-- Task brief --
Reproduce exactly the lines of this material that begin at the line with "Справка из психиатрии" and end at the line with "Tepeüstü Mahallesi - Bingöl", both included. Omit the pictures and everything else.

-- Given data --
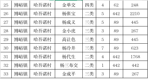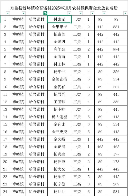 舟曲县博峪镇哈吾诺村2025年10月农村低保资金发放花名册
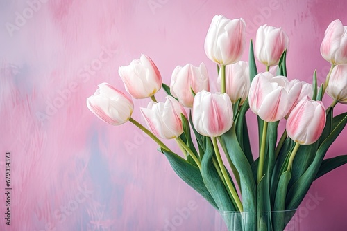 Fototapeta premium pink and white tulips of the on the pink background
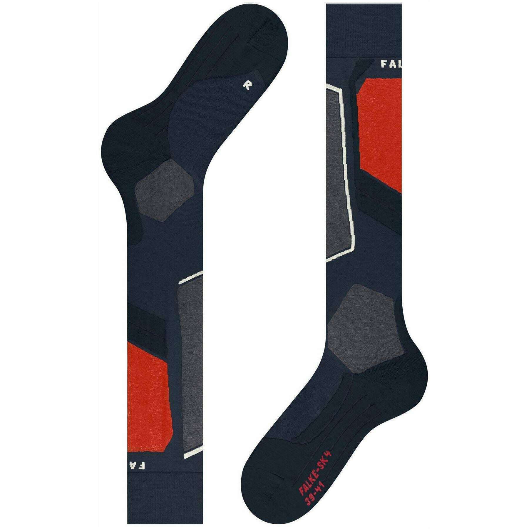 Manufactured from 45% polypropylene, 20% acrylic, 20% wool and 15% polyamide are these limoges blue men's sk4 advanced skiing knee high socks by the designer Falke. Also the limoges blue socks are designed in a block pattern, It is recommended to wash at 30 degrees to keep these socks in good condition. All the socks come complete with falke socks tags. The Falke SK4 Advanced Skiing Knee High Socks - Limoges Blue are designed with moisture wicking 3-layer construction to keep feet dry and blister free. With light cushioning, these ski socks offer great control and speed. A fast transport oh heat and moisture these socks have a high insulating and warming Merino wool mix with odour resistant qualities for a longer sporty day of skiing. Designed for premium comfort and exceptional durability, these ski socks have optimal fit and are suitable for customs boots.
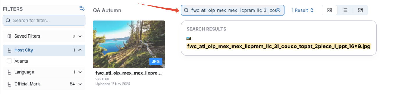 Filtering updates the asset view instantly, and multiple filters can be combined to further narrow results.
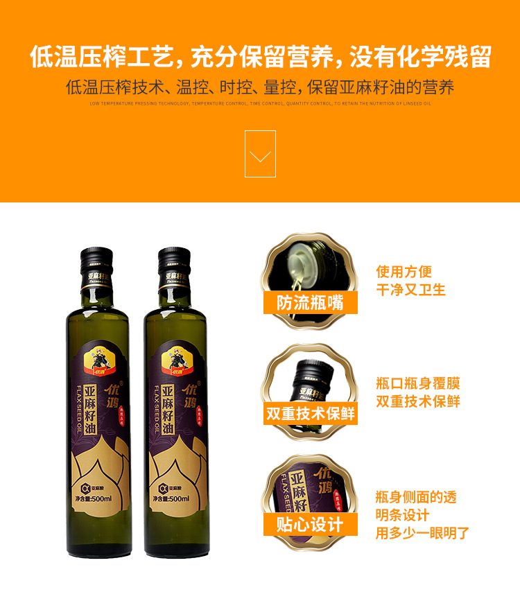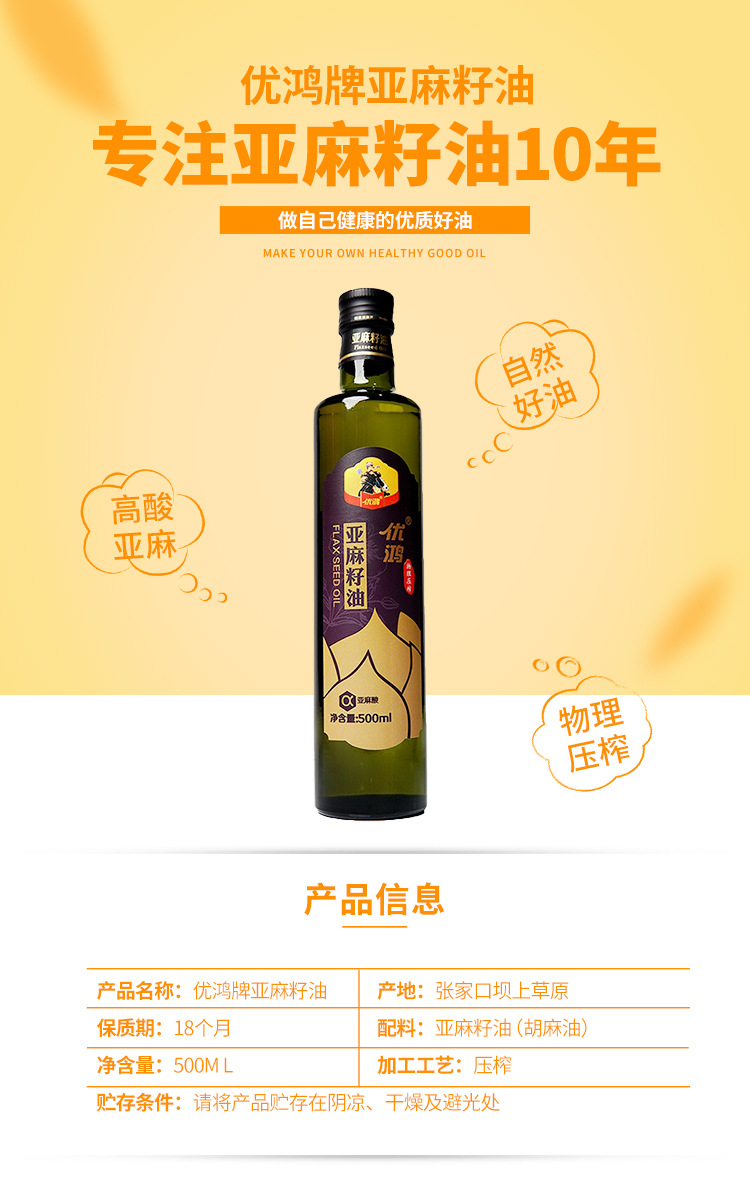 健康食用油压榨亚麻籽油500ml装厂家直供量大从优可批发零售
--
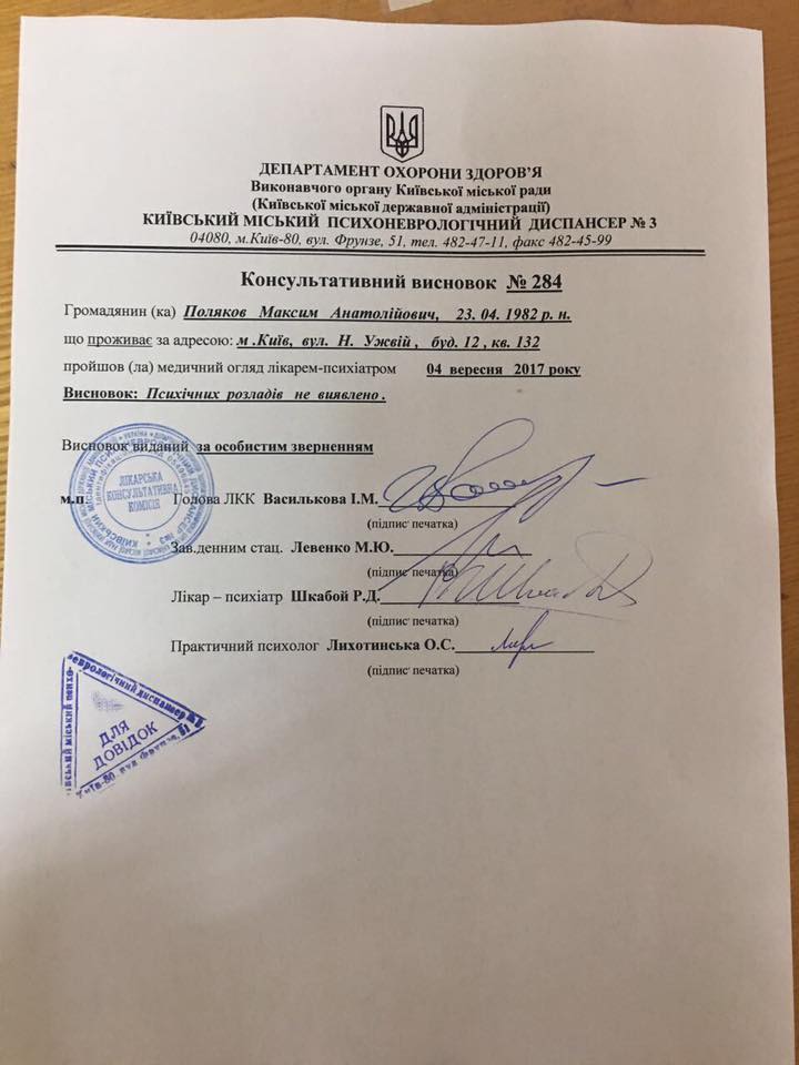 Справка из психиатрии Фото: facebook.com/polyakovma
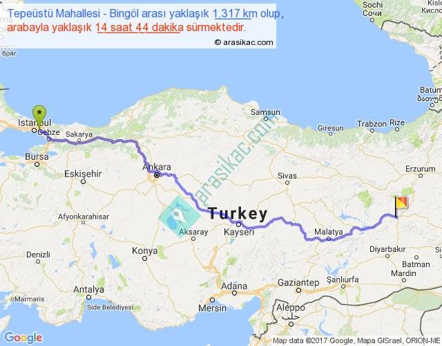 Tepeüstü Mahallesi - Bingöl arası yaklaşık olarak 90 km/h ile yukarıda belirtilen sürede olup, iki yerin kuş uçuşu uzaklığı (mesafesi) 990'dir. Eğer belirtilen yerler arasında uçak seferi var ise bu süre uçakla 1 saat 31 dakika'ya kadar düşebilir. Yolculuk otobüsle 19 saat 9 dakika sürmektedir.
==
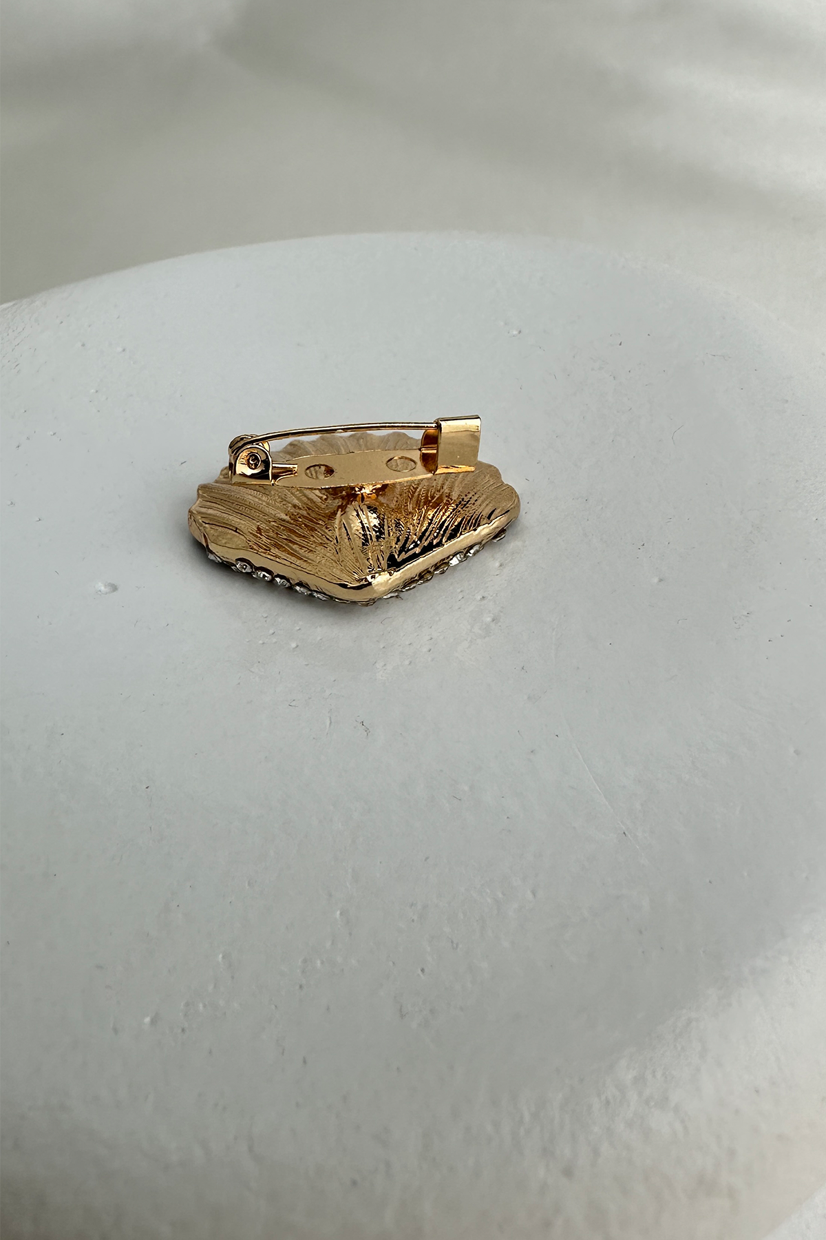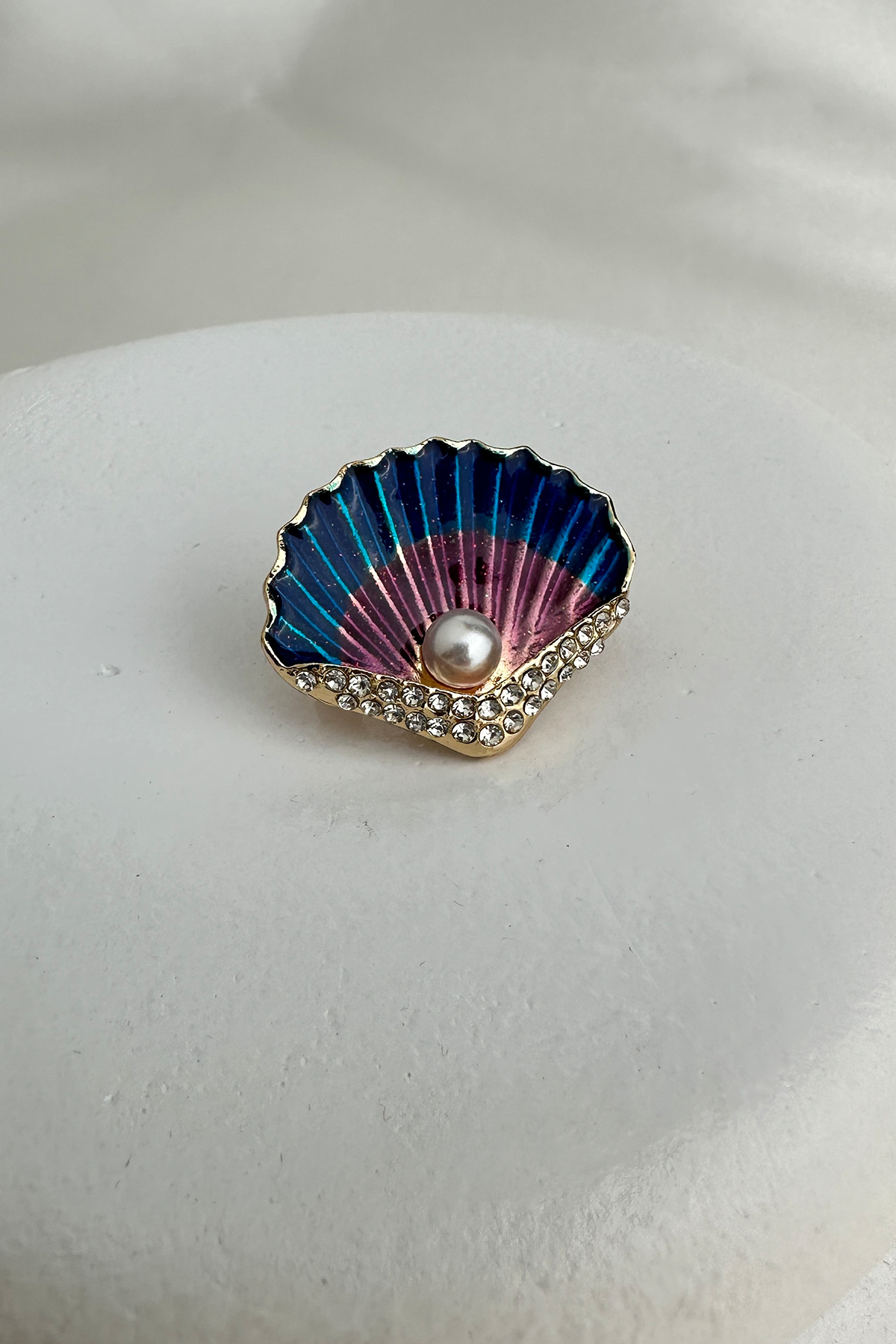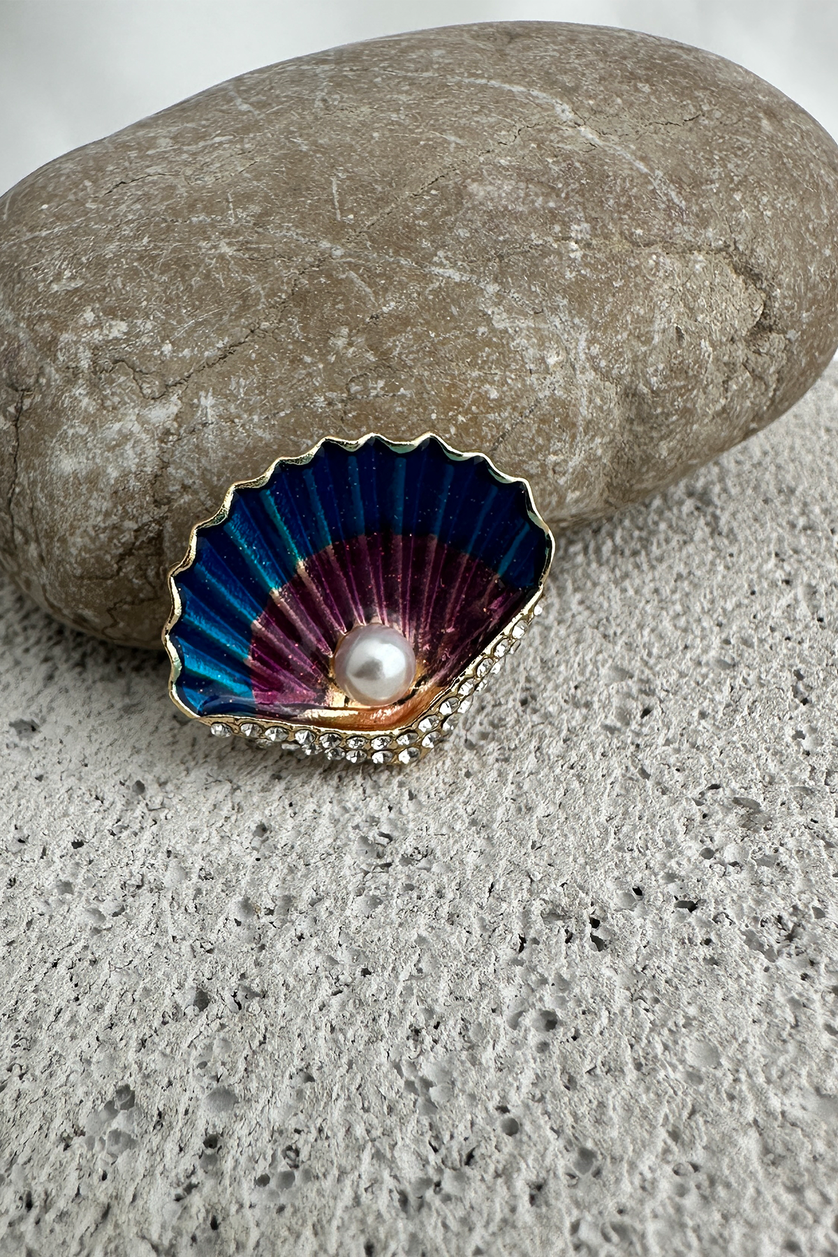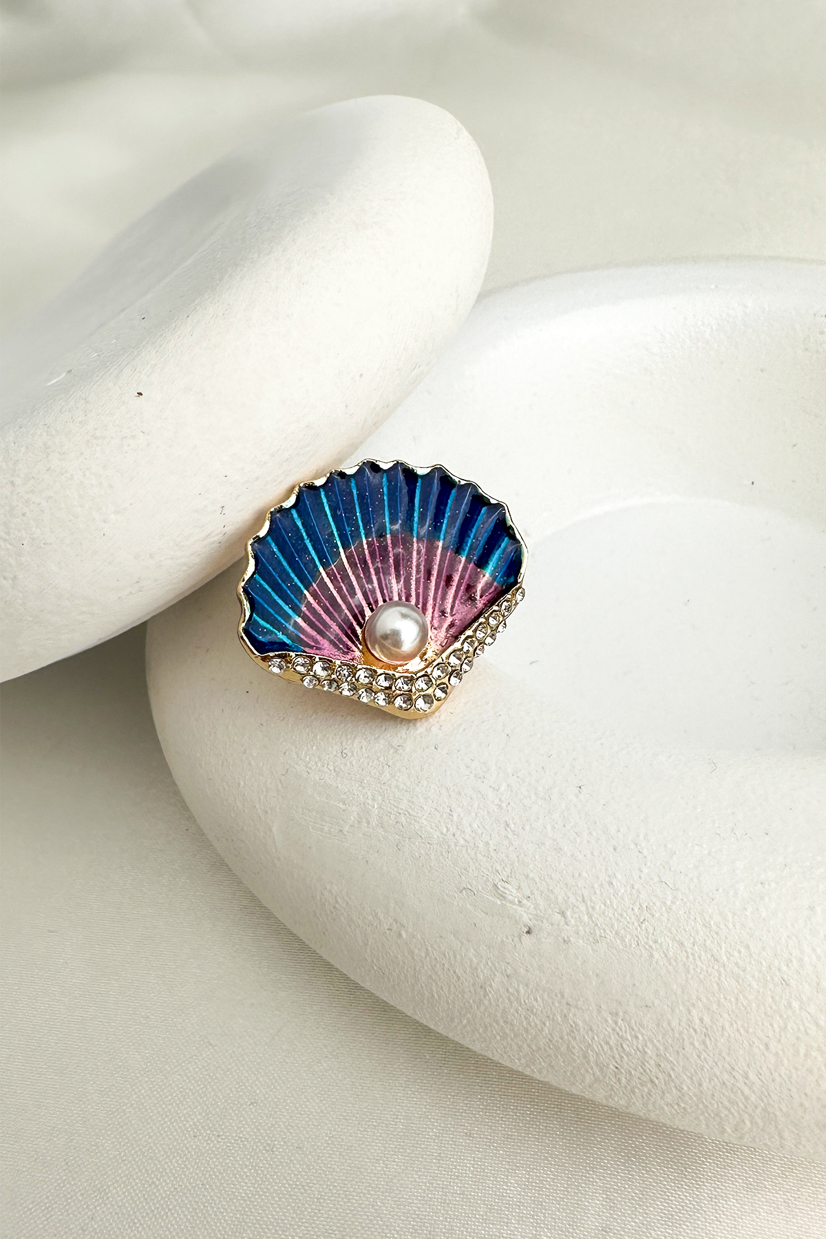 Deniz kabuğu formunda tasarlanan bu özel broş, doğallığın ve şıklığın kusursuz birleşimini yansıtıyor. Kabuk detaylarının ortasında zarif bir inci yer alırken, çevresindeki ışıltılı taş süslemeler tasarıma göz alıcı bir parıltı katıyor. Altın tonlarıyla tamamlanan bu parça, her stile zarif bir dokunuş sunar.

-- Response area --
 Справка из психиатрии Фото: facebook.com/polyakovma
 Tepeüstü Mahallesi - Bingöl arası yaklaşık olarak 90 km/h ile yukarıda belirtilen sürede olup, iki yerin kuş uçuşu uzaklığı (mesafesi) 990'dir. Eğer belirtilen yerler arasında uçak seferi var ise bu süre uçakla 1 saat 31 dakika'ya kadar düşebilir. Yolculuk otobüsle 19 saat 9 dakika sürmektedir.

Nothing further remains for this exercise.